Febbraio 2021
Domenica scorsa siamo andati a Pfäffikon, ridente località a pochi chilometri da Zurigo che si affaccia sull’omonimo lago. A causa del Covid è vietato pronunciarne il nome, per evitare di ricoprire di sputi chiunque si trovi nel raggio di cinque metri.
Una volta parcheggiato, ci incamminiamo verso quel che resta del fortino di Irgenhausen, un castrum romano edificato tra il secondo e il terzo secolo dopo Cristo. Il cielo è terso (primo, secondo e terso, la scala di qualità del firmamento) e, sotto un caldo sole di fine inverno, iniziamo la nostra passeggiata. Lentamente. Quando veniamo superati da una coppia di mummie novantenni munite di bastone, capisco che stiamo procedendo troppo lentamente.
Giunti a destinazione, entriamo dentro le mura, dove c’è già un sacco di altra gente che sembra abbia avuto la stessa nostra idea. Maledette guide, turismo di massa e la verruca plantare che non mi dà tregua.
Al centro dell’antico castrum, nel posto più protetto, una griglia. Non so se la funzione principale del castrum fosse proteggere quella griglia, che sembra di fattura piuttosto moderna, ma se al posto dei romani ci fossero stati gli svizzeri, chissà.

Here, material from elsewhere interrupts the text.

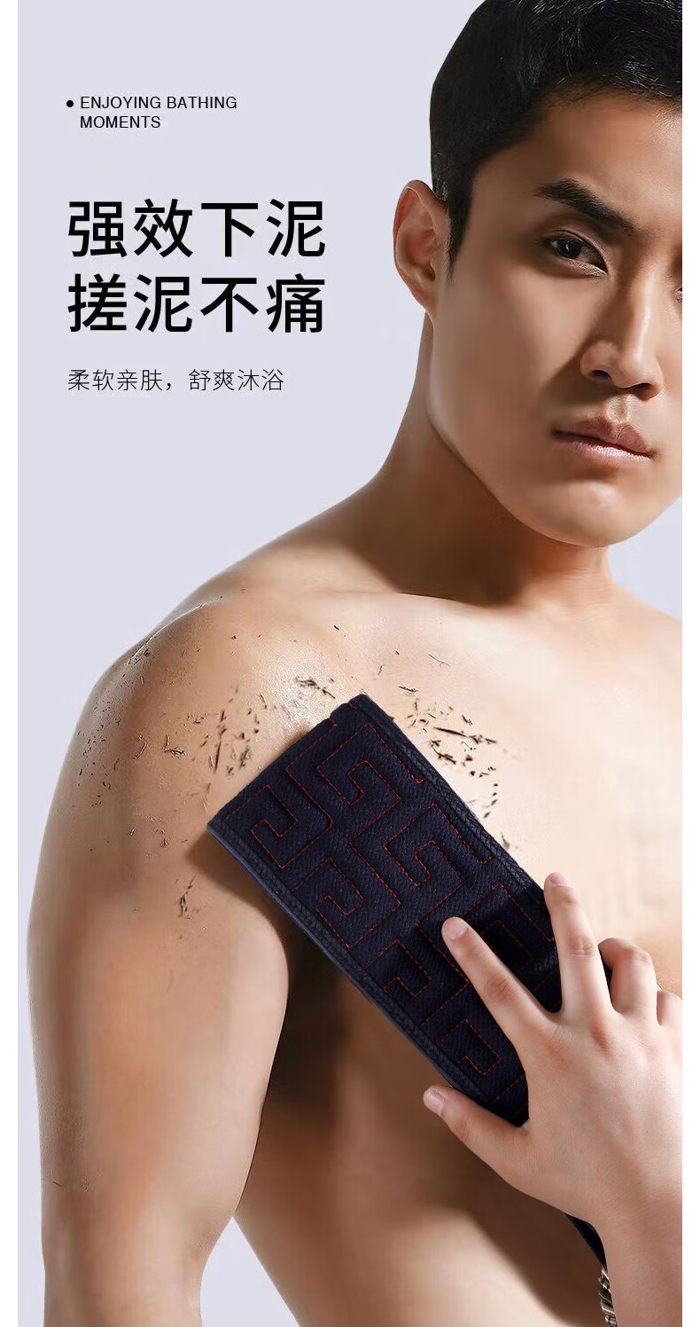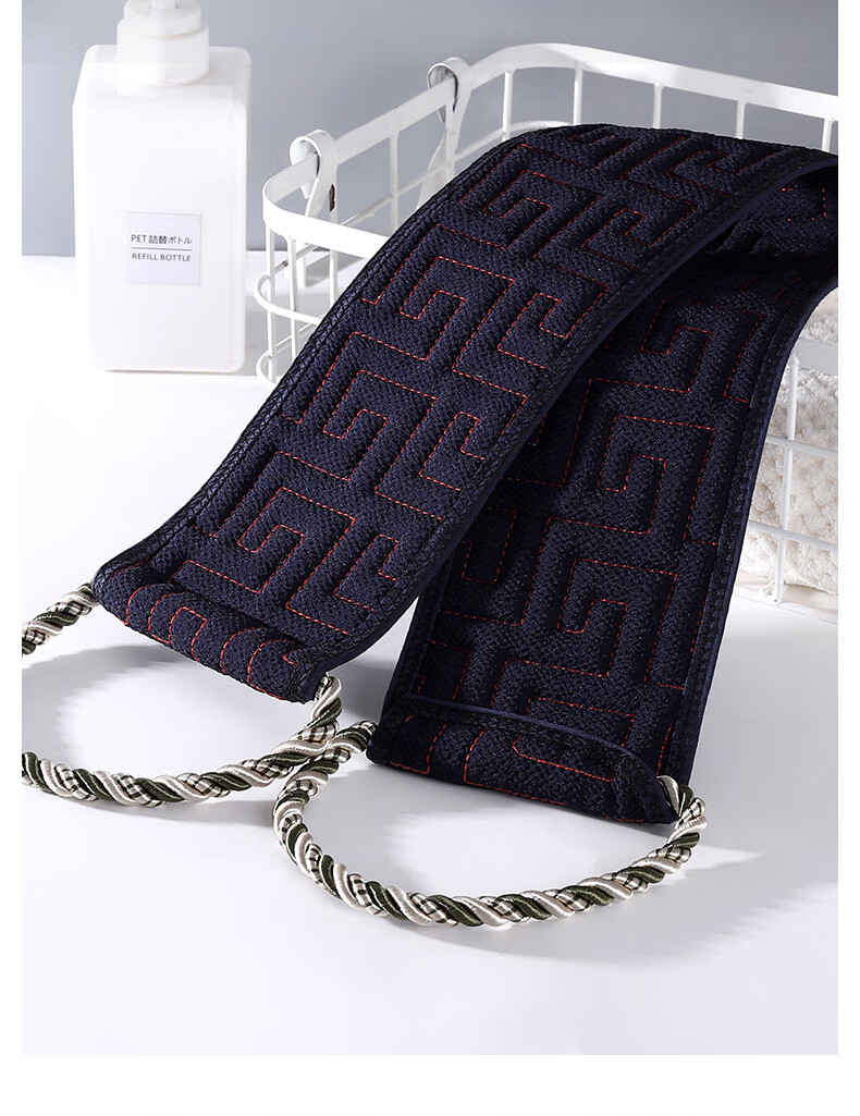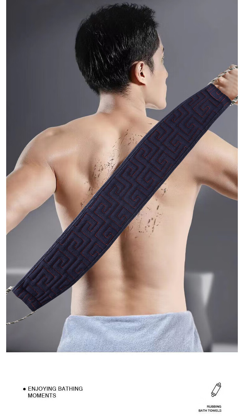 Men's bath towel, long strip of back rub, no need to ask for help, powerful mud rub artifact for home bathing and back rub, double-sided thickness pull ring, upgraded, not easy to break, black

I bambini, dopo aver mangiato qualcosa, incominciano a correre, saltare e scendere dalle mura, urlare, menarsi e dimenarsi. Devo ricordare a mia moglie di smettere di farcire i panini con la cocaina. Io mi siedo un momento e, per una famosa legge fisica che purtroppo, non avendo studiato abbastanza ai tempi del liceo, non ricordo né capisco, non riesco a spostare il mio baricentro di neanche mezzo centimetro.
Mentre mi crogiolo al sole, cercando di sciogliermi come un pezzo di raclette, noto con la coda dell’occhio (che quando è felice, scodinzola) del movimento. Mi volto e, alla mia destra, scorgo due energumeni che percorrono il sentiero che porta dentro al castrum. Non credo siano umani. Sembrano dei menhir dotati di movimento. Anche le loro teste hanno qualcosa di poco umano, due palle da bowling appiccicate a dei colli taurini. Le facce, che non esprimono particolari doti intellettive, sembrano state disegnate con dei tratti miniaturizzati che poco si addicono all’enormità del tutto. Si siedono su una panchina, tirano fuori delle bibite e se ne stanno lì, a bere, in silenzio. Senza scambiarsi una parola.
Fino a quando D., con in mano dei rametti che usa come pistole, non si para davanti a loro e papapapapa, vi uccido tutti! Che fegato che ha, diavolo di un nanetto suicida. Uno dei due golem chiude il badile attaccato all’avambraccio e risponde al fuoco nemico, tatatatata. Mi alzo per portare via D. prima che lo griglino e ritorno a sedermi.
Passano pochi secondi e uno dei due titani produce un rutto così forte che la fiamma della griglia rischia di spegnersi. Si volta, guardandosi intorno, con quegli occhietti incastonati dentro a un ferro da stiro, per capire se qualcuno lo abbia per caso sentito. Anche io mi guardo intorno, per capire se ci sia qualcuno che NON lo abbia sentito. E mi spingo con lo sguardo lontano, giù, fino al paese, dove vedo del movimento, principalmente tellurico.
Alla fine la coppia di amici decide di proseguire il cammino e se ne va. Li vedo scomparire all’orizzonte, mentre con i loro testoni schermano il sole, riproducendo per pochi istanti un eclissi totale.
Chissà cosa accadrebbe se loro provassero a pronunciare il nome Pfäffikon?